• **TO DO**
Each line from the one holding "65% of voters, including" to the last line below must be restated word for word, and no picture may be included.

• **EXERCISE DATA**
--- --- ---
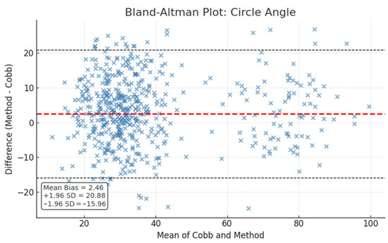 Bland–Altman plot comparing circle method with Cobb angles. The red dashed line represents the mean difference (bias), while the black dashed lines indicate the upper and lower limits of agreement (mean ± 1.96 SD).
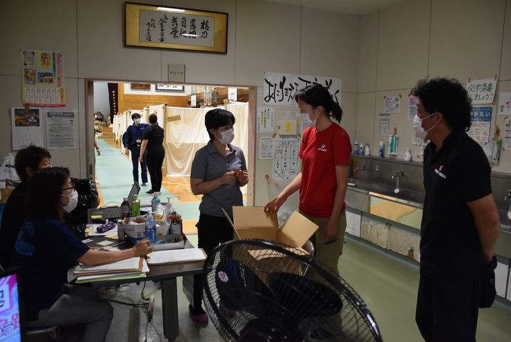物資のニーズは日々変わります。被災状況や地域、個々の事情によっても異なります。今回の水害の場合、Civic Forceは発災から数日は避難所設営前後に必要な物資としてマスク、非接触型体温計、消毒液といった感染対策グッズをはじめ、着の身着のまま逃れてきた人々の下着、タオル、寝具などを届けました。また、道路の復旧が進み、ボランティアの受け入れが始まると、ブルーシートやバケツ、水分補給の飲料など泥等の片付け作業に必要な物資を提供。避難所では、風通しをよくするために窓を開けており、蚊取り線香など思いも寄らないニーズがあがってくることもあります。7月後半に入った現在は、暑さ対策として、扇風機の貸与なども行っています。
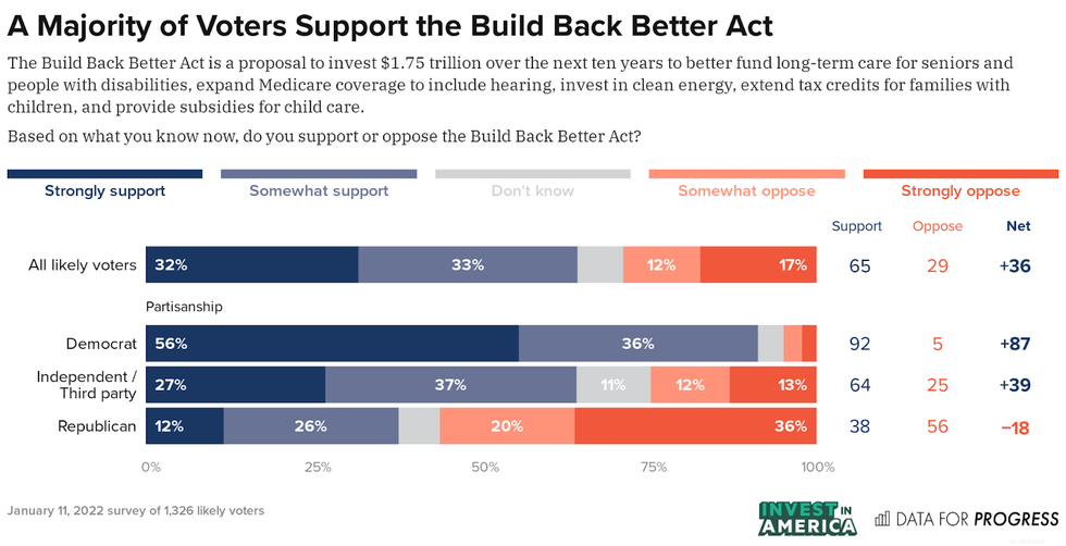 65% of voters, including 92% of Democrats, 64% of Independents, and 38% of Republicans, support the Build Back Better Act.
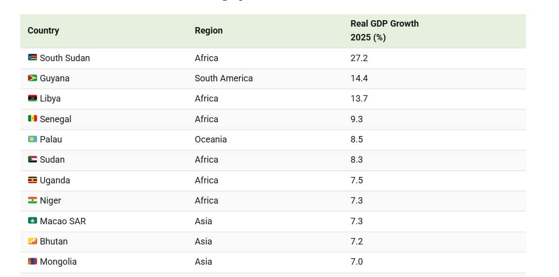 국제통화기금(IMF)이 공개한 내용에 따르면, 올해 경제성장률이 가장 높은 국가들은 당연히 개발도상국으로 주로 아시아와 아프리카에 집중돼 있는 것으로 나타났다. 아프리카 국가가 12개국, 아시아에 속해있는 나라들이 6개국으로 집계됐다.
--- --- ---
• **FINISHED TASK**
 65% of voters, including 92% of Democrats, 64% of Independents, and 38% of Republicans, support the Build Back Better Act.
 국제통화기금(IMF)이 공개한 내용에 따르면, 올해 경제성장률이 가장 높은 국가들은 당연히 개발도상국으로 주로 아시아와 아프리카에 집중돼 있는 것으로 나타났다. 아프리카 국가가 12개국, 아시아에 속해있는 나라들이 6개국으로 집계됐다.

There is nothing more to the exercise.